◆ **GIVEN INFORMATION**:
++++++

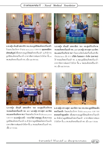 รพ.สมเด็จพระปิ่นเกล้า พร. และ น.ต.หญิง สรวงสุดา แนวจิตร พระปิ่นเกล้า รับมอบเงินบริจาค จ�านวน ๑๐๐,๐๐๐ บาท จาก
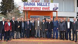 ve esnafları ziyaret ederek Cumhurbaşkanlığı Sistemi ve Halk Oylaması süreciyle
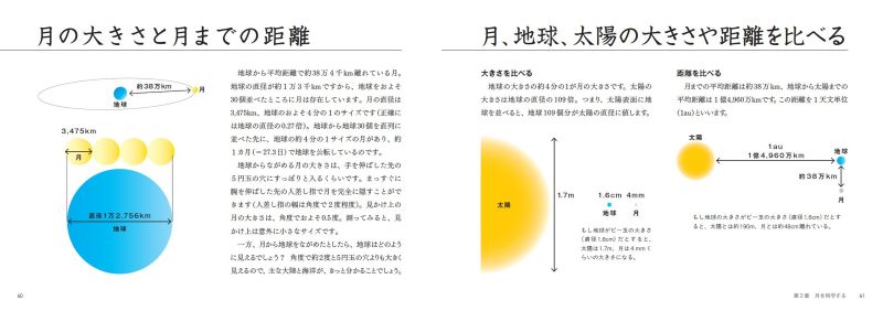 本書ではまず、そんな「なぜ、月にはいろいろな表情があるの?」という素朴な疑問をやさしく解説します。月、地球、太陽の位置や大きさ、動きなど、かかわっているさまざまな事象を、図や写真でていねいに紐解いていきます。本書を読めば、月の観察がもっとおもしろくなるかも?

++++++

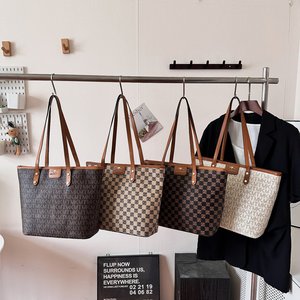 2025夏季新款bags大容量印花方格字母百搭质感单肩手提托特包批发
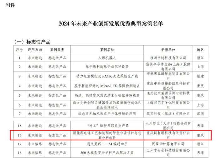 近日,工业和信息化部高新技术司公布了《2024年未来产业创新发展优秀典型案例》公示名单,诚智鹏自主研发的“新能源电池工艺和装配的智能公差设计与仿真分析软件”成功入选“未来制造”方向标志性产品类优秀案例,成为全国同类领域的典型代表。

++++++

◆ **DESCRIPTION OF THE TASK**: What you return from the records above should be exactly everything from the line with "รพ.สมเด็จพระปิ่นเกล้า พร. และ" down to the line with "本書ではまず、そんな「なぜ、", both kept, and no pictures.

◆ **SOLVED EXERCISE**:
 รพ.สมเด็จพระปิ่นเกล้า พร. และ น.ต.หญิง สรวงสุดา แนวจิตร พระปิ่นเกล้า รับมอบเงินบริจาค จ�านวน ๑๐๐,๐๐๐ บาท จาก
 ve esnafları ziyaret ederek Cumhurbaşkanlığı Sistemi ve Halk Oylaması süreciyle
 本書ではまず、そんな「なぜ、月にはいろいろな表情があるの?」という素朴な疑問をやさしく解説します。月、地球、太陽の位置や大きさ、動きなど、かかわっているさまざまな事象を、図や写真でていねいに紐解いていきます。本書を読めば、月の観察がもっとおもしろくなるかも?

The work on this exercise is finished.